Zvid subtitle JSON payload visual generated from the article example

The payload visual is generated from the real renderable subtitle example in this tutorial.

For a public API request, wrap that project inside a top-level payload field:

{
  "payload": {
    "name": "add-subtitles-json-demo",
    "resolution": "hd",
    "duration": 8,
    "frameRate": 30,
    "outputFormat": "mp4",
    "visuals": [],
    "subtitle": {
      "captions": [
        {
          "start": 1,
          "end": 3.2,
          "text": "Build captions as JSON data",
          "words": [
            { "start": 1, "end": 1.45, "text": "Build" }
          ]
        }
      ]
    }
  }
}

How the subtitle workflow works

The workflow is easiest when you treat subtitle generation as a data pipeline, not as a manual editing step.

Workflow diagram for automated video captions with JSON and the Zvid API

Keep transcript creation, subtitle format conversion, render submission, and job polling as separate steps.

A reliable implementation usually looks like this:

  1. Generate or import a transcript from a speech-to-text service.
  2. Convert the service output into Zvid caption segments with start, end, text, and words.
  3. Preserve word-level timings from the transcription output where available.
  4. Choose subtitle style settings for placement, color, background, and mode.
  5. Add the subtitle object to the same payload that defines the video scene.
  6. Submit the render job and poll for completion.

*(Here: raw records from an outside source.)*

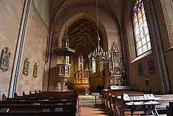 - Pfarrkirche Mariasdorf Mariae Himmelfahrt: Die spätgotische Pfarrkirche Mariae Himmelfahrt zählt zu den schönsten des Burgenlandes. Der Bau wurde, nachdem die Brüder Kanizsay das Herrschaftsgut Bernstein erhalten hatten[11], um 1400 am Standort einer bereits existierenden Kirche begonnen, aber wohl im frühen 15. Jahrhundert eingestellt. Bis dahin bestand wohl nur der Chorraum. Am Ende des Jahrhunderts wurden die Arbeiten mit dem Bau des Kirchenschiffs fortgesetzt. Das Westportal wurde 1490 vollendet. Das Sakramentshaus an der Nordwand trägt die Jahreszahl 1483. Auch Sakristei, Beinhaus und die beiden Treppentürme stammen wohl aus dieser Bauphase.[12] Im 17. und 18. Jahrhundert wurde die Kirche umgebaut, um sie an den damaligen Zeitgeschmack des Barock anzupassen. 1882–1899 wurden diese Umbauten unter der Leitung von Imre Steindl, des Architekten des Budapester Parlaments, weitgehend rückgängig gemacht und das Bauwerk wieder in gotischer Formensprache gestaltet. Zeugen dieses zweiten, neugotischen Umbaus sind der Hochaltar, die Kanzel, das Taufbecken und die Buntglasfenster.[12]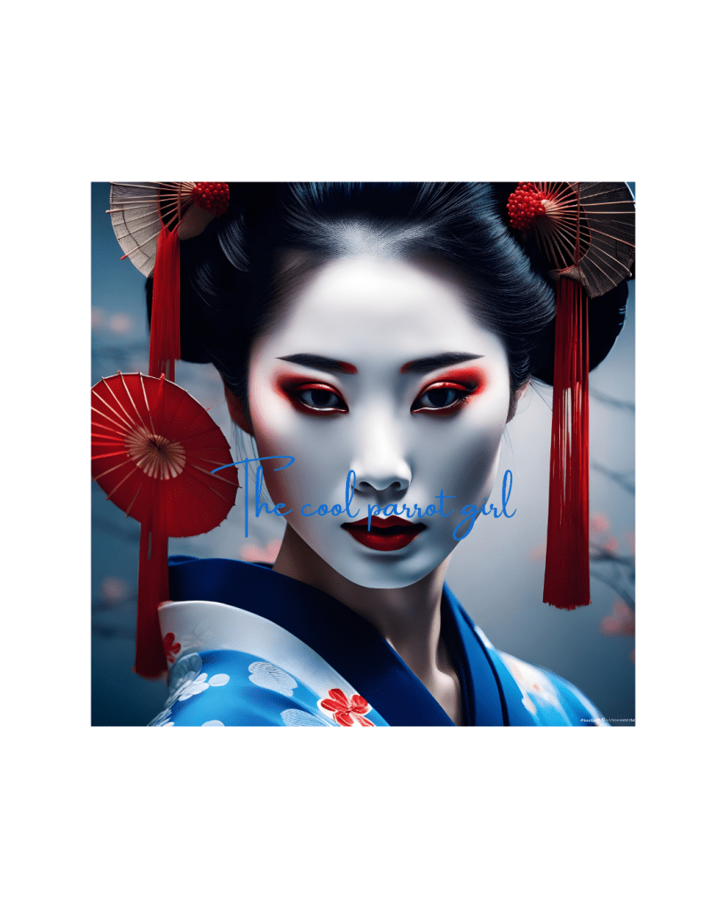 What about a t-shirt of this geisha ai design? She’s in blue silk kimono, mesmerizing eyes, beautiful. What do you think?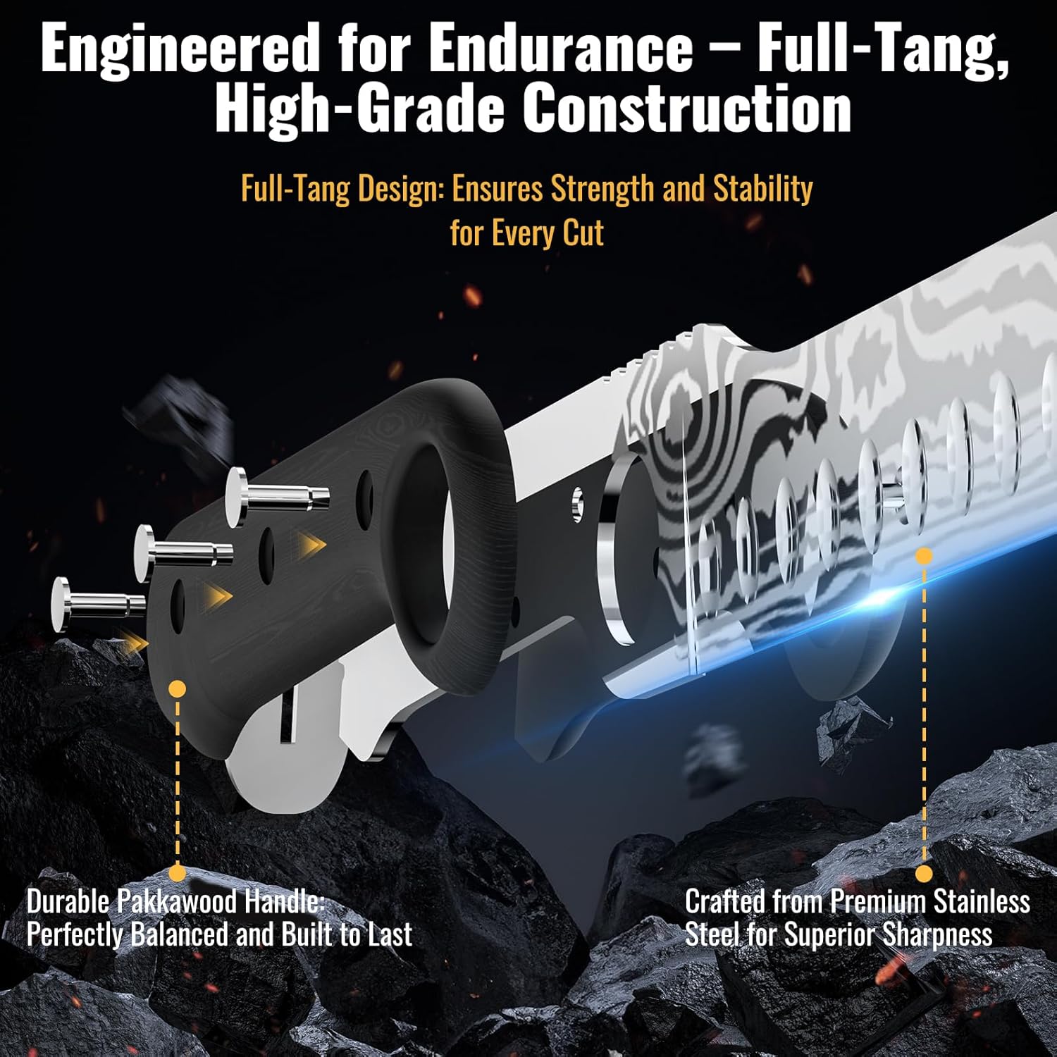 - Balanced Full-Tang Construction – Built with a durable full-tang structure, this knife offers exceptional strength, balance, and longevity, ensuring comfortable handling and precise cutting for years to come.

This separation matters because captions often need independent review. A designer may care about line length and placement. A localization team may care about translation quality. A developer may care about timestamp accuracy and retry behavior. JSON keeps those concerns explicit.

If an AI transcription service or speech-to-text tool creates the first draft, treat that output as source data rather than the final subtitle layer. Your app should map the provider's response into Zvid's subtitle format, including caption-level start, end, and text fields plus each caption's words array. Review proper nouns, numbers, speaker phrasing, punctuation, language, and line breaks before rendering.

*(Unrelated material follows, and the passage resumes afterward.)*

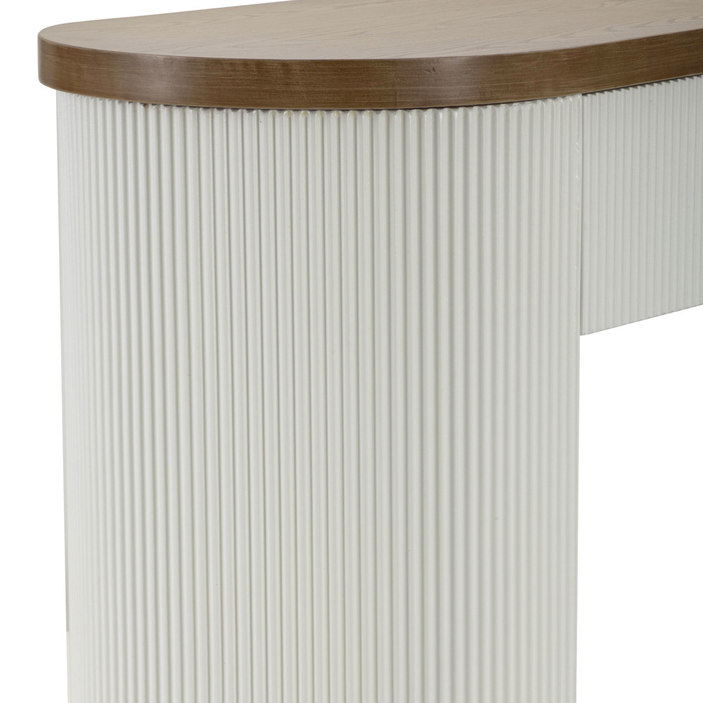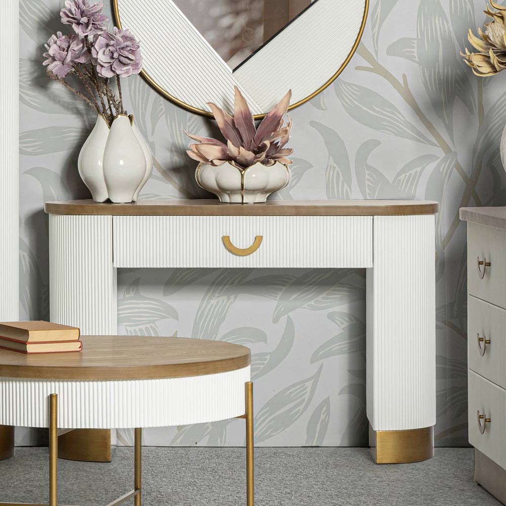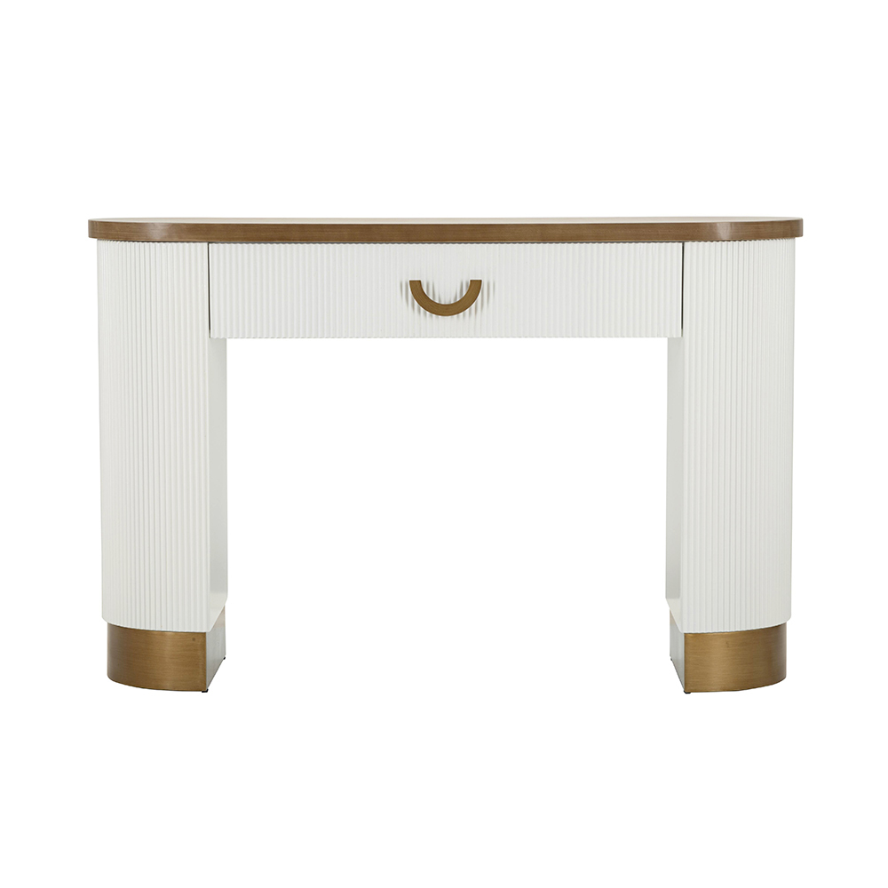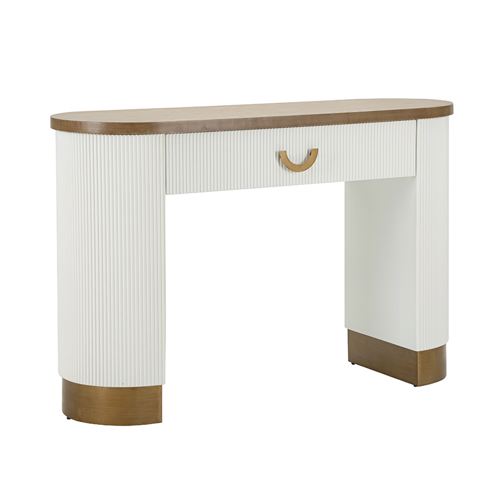 Tato půlkruhová konzole představuje okouzlující spojení současného designu a klasických detailů. Elegantní struktura s čistými liniemi a teplými povrchy MDF harmonicky kontrastuje s jemností vertikálních drážek , které zdobí boční panely, a nabízí bohatý vizuální zážitek a podmanivou texturu.

Subtitle display modes and styles

Subtitle style settings control how the captions look and where they appear. Zvid supports common style fields such as color, background, fontSize, fontFamily, bold and italic flags, position, margins, display mode, and an activeWord color for word-aware modes.

Diagram showing how caption text, word timing, style settings, and display mode combine into Zvid subtitles

A subtitle object combines text, timing, display mode, and style rules.

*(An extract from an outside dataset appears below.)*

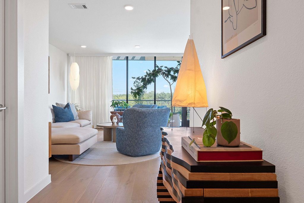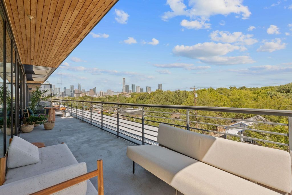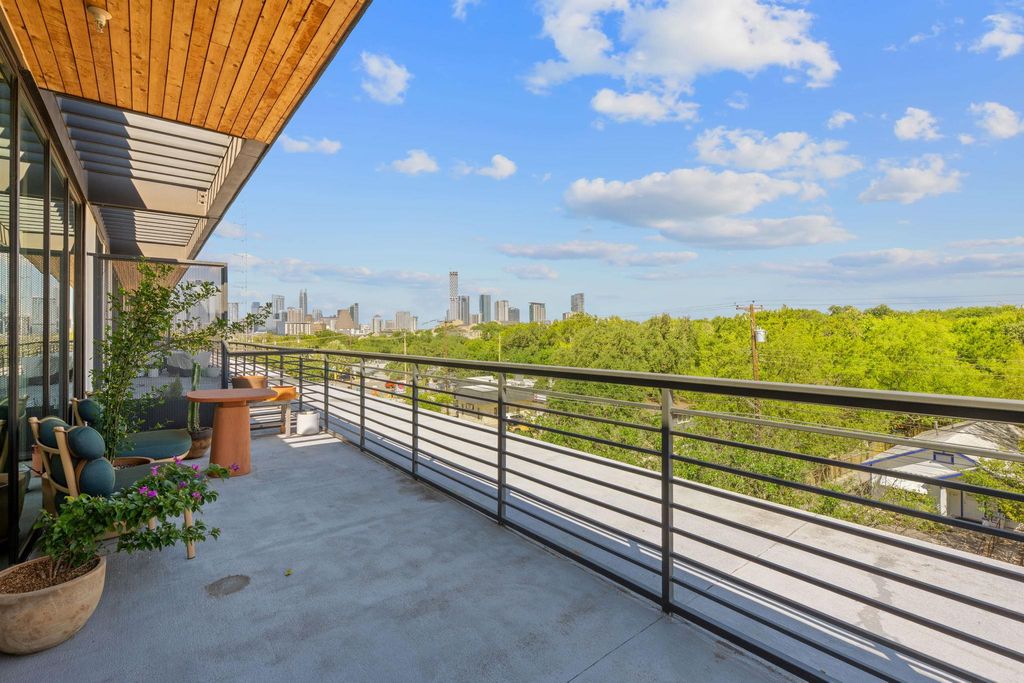 Welcome to a rare top floor, corner residence that lives like a luxury, single-family home in the heart of Austins most coveted zip codes, 78704. This spacious 3-bedroom, 2.5-bath floor plan spans has been thoughtfully remodeled with bespoke upgrades, including high end bathroom tile, chic light fixtures, a fresh backsplash, designer wallpaper, and new paint throughout. Floor-to-ceiling windows flood the home with natural light, framed by custom drapery that enhances both the city skyline and treetop views of Bouldin. The expansive, wraparound ~540 SF balcony invites you to enjoy morning coffee, sunsets, and effortless entertaining against a stunning backdrop of downtown Austin. Inside, the layout offers the comfort and convenience of a single-family home, featuring a welcoming entry, a powder bath for guests, a huge laundry room, and a walk-in pantry. The primary suite provides a serene retreat with a spa-like bath and a generous walk-in closet, while secondary bedrooms offer flexibility for family, guests, or a home office. Condo comes with two secure garage parking spaces. Perfectly positioned in one of the best locations in 78704, this residence offers a vibrant community just steps from South Congress, Downtown, and Austins most celebrated dining and entertainment.

Use a solid or semi-transparent background when the underlying video is busy. Use center placement when the subtitle is the main teaching element, and move captions to the top or side when lower-third graphics, product details, or call-to-action buttons need that space.

For most API-driven workflows, start with one brand-safe caption preset:

{
  "styles": {
    "color": "#FFFFFF",
    "background": "#000000CC",
    "fontSize": 42,
    "fontFamily": "Montserrat",
    "isBold": true,
    "position": "center-center",
    "marginV": 0,
    "marginH": 0,
    "mode": "karaoke",
    "activeWord": {
      "color": "#FADD46"
    }
  }
}

Once that preset works, reuse it across templates. Change it only when the output channel, language, aspect ratio, or visual layout requires a different caption treatment.

For translated or localized subtitles, expect text length to change. A short English caption may become longer in another language, which can affect font size, line breaks, and position. Test the longest expected language before you generate subtitles automatically across many clips.

API workflow for rendering captions

After the payload is ready, submit it through the same render endpoint used for other Zvid videos. The Submit render job reference documents POST /api/render/api-key, and the Get render job status reference documents GET /api/jobs/{id}.

curl -X POST https://api.zvid.io/api/render/api-key \
  -H "Content-Type: application/json" \
  -H "x-api-key: YOUR_API_KEY" \
  -d @captioned-render.json

Save the returned job ID, then poll for status:

curl -X GET https://api.zvid.io/api/jobs/$JOB_ID \
  -H "x-api-key: YOUR_API_KEY"

The important application behavior is to treat rendering as asynchronous. Submit the job, store the payload version, poll the job state, and only publish or notify the user after the completed result is available.

This is also where Zvid fits well with repeatable content systems. The same caption template can support social clips, onboarding videos, course snippets, translated product demos, and programmatic explainers. If the surrounding workflow starts from feeds or spreadsheet data, the pattern is similar to How to Create Product Videos from a CSV or Product Feed, except the dynamic fields include captions and word timings.

Adding subtitles to an existing video file

If your input is an already recorded video file, the JSON workflow still applies. Use a public media URL for the source video, add it as a VIDEO visual, then add the subtitle object with synchronized subtitles for the spoken audio. Zvid can create a video output with the captions rendered into the final frame.

Your app can automatically generate the first transcript with an AI or speech-to-text service, but the render payload should contain the reviewed result in Zvid's subtitle structure: clean text, caption segments, and word arrays that match the audio track. That is the difference between generating raw transcription and generating video subtitles that are readable in the finished clip.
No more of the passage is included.